Annotation of Flowering Pathway in Arabidopsis:
Annotation can be interpreted, as the attachment of information to a genomic sequence. Annotation of the long day plant Arabidopsis have revealed several pathways that regulate floral induction and regulate flowering induction in determining chromatin structure are also involved in floral induction.
Many photoreceptor such as phytochromes (PHy) and cryptochromes (CRY) are involved in floral induction: Arabidopsis contain five PHy and two CRY genes. In addition, circardian genes are well conserved in Arabidopsis. They include family of gene PSEUDO RESPONSIVE REGULATORS (APRR).

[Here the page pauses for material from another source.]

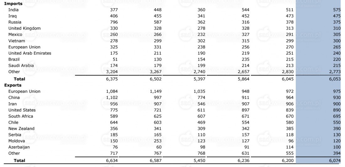 Największym importerem jabłek w sezonie 2025/2026 będą Indie, który zaimportują ok. 575 tys. ton jabłek. Do Iraku trafi 475 tys. ton jabłek, a do Rosji 375 tys. ton jabłek.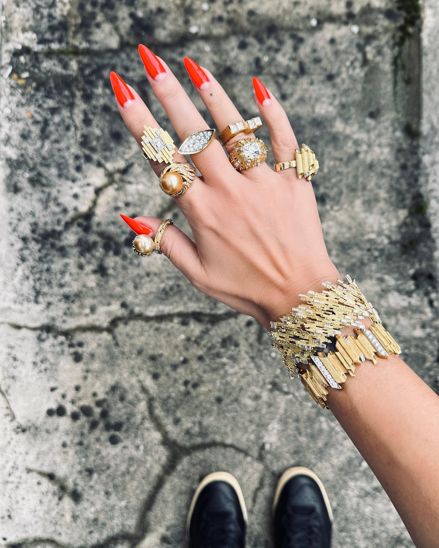 Early on, she was determined to break away. "I was young, naive and headstrong. I wanted to make jewelry that looked nothing like his." But over time, she embraced the inheritance: the design language, the attitude, the irreverence. "If anyone has the right to be shaped by that legacy, it's me."

Atleast two MYB related genes have been identified in Arabidopsis circardian clock system-like LHY and CCAI. Major quantitative trait locus (QTL) genes for flowering time in Arabidopsis are CONSTANTS (a circardian clock related floral regulator) and CONSTANT-LIKE (Coll and Col2).
FLOWERING LOCUS C (FLC) and MADS-box genes are key regulator of flowering and vernalization pathways in Arabidopsis. Certain genes in Arabidopsis belongs to polycomb group which effect floral inductions are VRN2, EMBRYONIC FLOWERING (EMF2) and FERTILIZATION INDEPENDENT ENDOSPERM (EIE) VRN2 can affect chromatin structure to repress gene expression. Similarly, HETEROCHROMATIN PROTEIN 1 (LHP1) genes may be involved in heterochromatin formation and affect flowering time in Arabidopsis.
The genes CO and FT were recently identified as flowering time QTLs namely Hd, and Hd3a. The PHOTOPERIOD SENSITIVITY 5 (SE5) gene which encodes a hemooxygenase for phytochrome chromophore biosynthesis is indispensible for photoperiodic flowering. In addition, to diurnal mRNA expression pattern of circardian clock genes LHY are well conserved.